While good general advice is to reduce intake of ultraprocessed foods, learning to tell the difference between better and worse types of processing can help make a difference in your food choices and health. Keep these tips in mind to choose healthy foods that work for your lifestyle and preferences:

  • Cook at home. Aim to buy unprocessed and minimally processed ingredients and cook at home as much as possible.
  • Limit ultraprocessed foods. Avoid foods with ingredient lists that contain numerous additives and few or no minimally processed ingredients.
  • Understand benefits. Many forms of processing, like pasteurization, freezing, fermentation, and heating, result in no harms and provide significant health benefits.
  • Check ingredients. Limit salt, added sugar, and refined starches in the foods you eat and buy. Nutrition Facts labels list sodium and added sugars. Refined flour is listed in the ingredients as “enriched.”
  • Use the Ratio. When buying packaged grain foods, choose those with at least one gram of fiber for every 10 grams of carbohydrate per serving.
  • Nutrition Over Process. It is not only processing methods that impact our health, but also the specific types of foods and ingredients those methods are applied to. “Processed foods aren’t intrinsically unhealthy or healthy,” says Lichtenstein. “If you only consider processing, you may miss the bigger picture of how an individual food fits into a healthy dietary pattern. For example, a food may be touted as being enriched in multiple nutrients, but if we already get enough of these nutrients from other foods, it does not really matter.” Additionally, while the Nutrition Facts panel on an ultraprocessed snack food with added vitamins and minerals could resemble the nutritional content of a whole food, that does not make the two foods equivalent. The whole or minimally processed food may contain other trace bioactive nutrients, types of fiber, and intact food structure the ultraprocessed food does not have, and these differences will not be reflected on the Nutrition Facts panel.
  • “Scientists are just starting to uncover the mechanisms for harms of highly processed foods,” says Mozaffarian. “Based on evidence to date, the major harmful factors seem to be too much refined starch and sugar, added salt and (outside the U.S.) trans fats, and the removal of healthy components like fiber (which serves as a prebiotic for our gut microbiome) and phenolics (the thousands of trace protective nutrients in foods like olive oil, cocoa, blueberries, apples, and green tea).”

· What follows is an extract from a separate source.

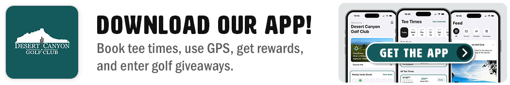 This Black Friday, get ready for exclusive giveaways available only for 24 hours through the Desert Canyon Golf Club app! Enter using your Canyon Cash or Yards earned right from the app for a chance to win exciting prizes. Don’t miss your shot — entries open for one day only, so make sure your app is updated and your Yards are ready to spend!

    We know much less about the long-term health effects of all the trace additives in foods, like emulsifiers, stabilizers, thickening agents, and the chemical byproducts of packaging. “Some experiments in animals suggest these common additives could also have harms,” says Mozaffarian, “but much more research is needed. It’s unfortunate we know so little about many of the most common processing methods used in food.”

    What to Do. Mozaffarian encourages buying ingredients and cooking at home whenever possible.Whether you’re cooking at home, getting takeout, or on the go, try to emphasize minimally processed foods like fruits, vegetables, nuts, seeds, legumes, whole grains, fish, and yogurt. “Understand and consider what has been done to the foods you eat,” says Lichtenstein. “Focus on your overall dietary pattern. The biggest losses to healthfulness occur not from occasionally eating one ultraprocessed food, but from displacing most whole and minimally processed foods with ultraprocessed foods. Remember that processing can be good—like freezing berries, which makes them available year-round—or bad—like fruit rolls, which have lost their intact structure and fiber and often have added sugar.”

    Image © Avichai Morag | Getty Images
    Washing is a form of processing that does not impact the nutritional value of a natural food.

    There are some significant benefits to processed foods for modern life that shouldn’t be discounted, including longer shelf life, convenience, and food safety. “It’s time for the food industry and government to invest in the science of how to optimally process foods,” says Mozaffarian. “Then we can keep the benefits and minimize the harms.”